National Treasure, Stately Homo
Ian McKellen sizes himself up
The Observer, April 2006
Sir Ian McKellen arrives at the Covent Garden Hotel looking very professorial with lots of papers under one arm and a harried air. It is mid-afternoon, and he wants some food – a bit of soup and plain pasta. ‘Anything to drink?’ his assistant Clair wonders. He looks at her, and then has a sudden thought. ‘I’ll drink the soup!’
He settles into a sofa. I tell him I have just been to my first civil partnership, and McKellen says he attended the union of Michael Cashman and Paul Cottingham. ‘I was a witness with Michelle Collins. There was a groom’s side and a groom’s side, and you had to decide where to sit.’ He says he got a bit weepy. ‘They didn’t call it marriage, although you can call it anything you want. The one thing you cannot mention is God, that is absolutely verboten. I suppose I’m a bit mean-spirited, but I really can’t see why the government couldn’t just say gay people can get married – that would have been true equality and so much simpler. But that hasn’t been done because they couldn’t face the furore. So they’ve passed a law that is not available to straight people – straight people cannot have a civil partnership, they have to get married – extraordinary.’ McKellen has been in two eight-year relationships that he once referred to as quasi-marriages, but says he is ‘very suspicious’ of the institution. ‘I can just sniff a divorce in the air. So the next thing to happen will be a gay couple getting divorced.’
The conversation moves to the great gay progress since McKellen took tea with John Major at Downing Street in the early-Nineties (about the time Stephen Fry affectionately renamed him Serena).
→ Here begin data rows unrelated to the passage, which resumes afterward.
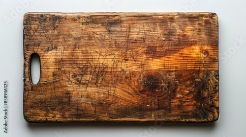 Empty wooden cutting board with natural wood texture, captured from above on a clean white background, perfect for food and recipe visuals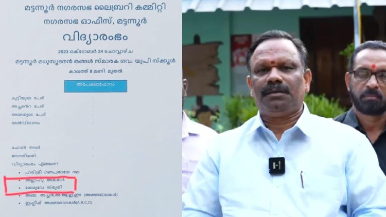 മട്ടന്നൂർ മധുസൂദനൻ തങ്ങൾ സ്മാരക ഗവ. യുപി സ്കൂളിൽ വച്ച് മട്ടന്നൂർ നഗരസഭ ലൈബ്രറി കമ്മിറ്റിയുടെ നേതൃത്വത്തിൽ നടത്തപ്പെടുന്ന വിദ്യാരംഭം ചടങ്ങിലേക്കുള്ള അപേക്ഷാ ഫോമിലാണ് ‘വിദ്യാരംഭം എങ്ങനെ എന്ന ചോദ്യം കൊടുത്തതിന് ശേഷം ഹരിശ്രി ഗണപതയേ നമഃ, അല്ലാഹു അക്ബർ, യേശുവേ സ്തുതി തുടങ്ങിയ ഓപ്ഷൻസ് നൽകിയിരിക്കുന്നത്. സംഭവത്തിൽ നിരവധി പേരാണ് വിമർശിച്ച് രംഗത്തുവന്നിരിക്കുന്നത്.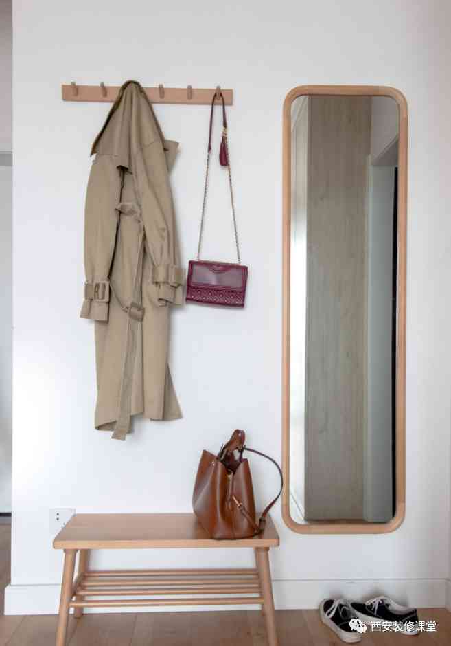 ▲戶型限制門口無法實(shí)現(xiàn)鞋柜的基本收納,只能采用簡易換鞋凳,上下層板的形式,滿足兩人常穿鞋子的放置;同時(shí)全身鏡與掛衣鉤布局,滿足進(jìn)門掛包包衣服的需求;原木風(fēng)的統(tǒng)一搭配,做到簡單有個(gè)性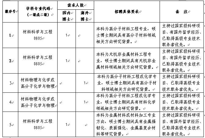 山东科技大学材料科学与工程学院2013年教师需求信息 为了进一步加强师资队伍建设,促进学院更快更好地发展。2013年度根据工作需要,面向社会公开发布教师需求信息,现将相关要求公布如下: 一、需求岗位及具体要求(见下表) 二、遴选方式 根据简历及相关材料初选、面试试讲的方式进行选拔。要求参加遴选的人员于2013年3月20日前将简历及相关材料电子版发至学院邮箱。经学院初选后,将向符合条件的人员发出面试通知,参加学院组织的面试及试讲,最终学院将根据面试结果和具体需要择优进行录取。 三、联系方式 联系人:材料科学与工程学院教学科研办公室 张老师 联系电话:0532-86057921 学院邮箱:jianlan929@126.com 学院网址:http://cmse.sdust.edu.cn/ 材料科学与工程学院 2013-3-7 需求信息表.jpg [ Last edited by sunhaiqing on 2013-3-11 at 00:21 ] |

Many fine advances in the legal framework, he observes, but social equality will still take time. He says he is in two minds about laws that curtail free speech, but suggests he would draw the line at homophobic religious leaders. ‘On the whole I think it would be nice if people were polite to each other, although sometimes these leaders make it very difficult to be polite about Catholicism …’ Then another sudden thought. ‘We’re talking a lot of gay stuff – people don’t want to read this.’
He is hoping they’d rather read about The Da Vinci Code and X-Men 3, both of which feature McKellen in prominent roles and open in a few weeks. But there are problems with this. When we meet there have been no advance screenings of either film, and I haven’t read the book or comics on which they are based. ‘The Da Vinci Code is the most popular book of our times,’ McKellen muses, just in case I hadn’t even heard of it. ‘You’ve not read it? Well, you’re at a disadvantage.’
‘Or possibly an advantage.’
‘Could well be,’ he reasons. ‘It’s a very good part in a big movie. Very well paid. Filming in England, which is a curiosity. It’s a rattling good yarn, and so is the film, or what I’ve seen of it. Very excitingly shot.’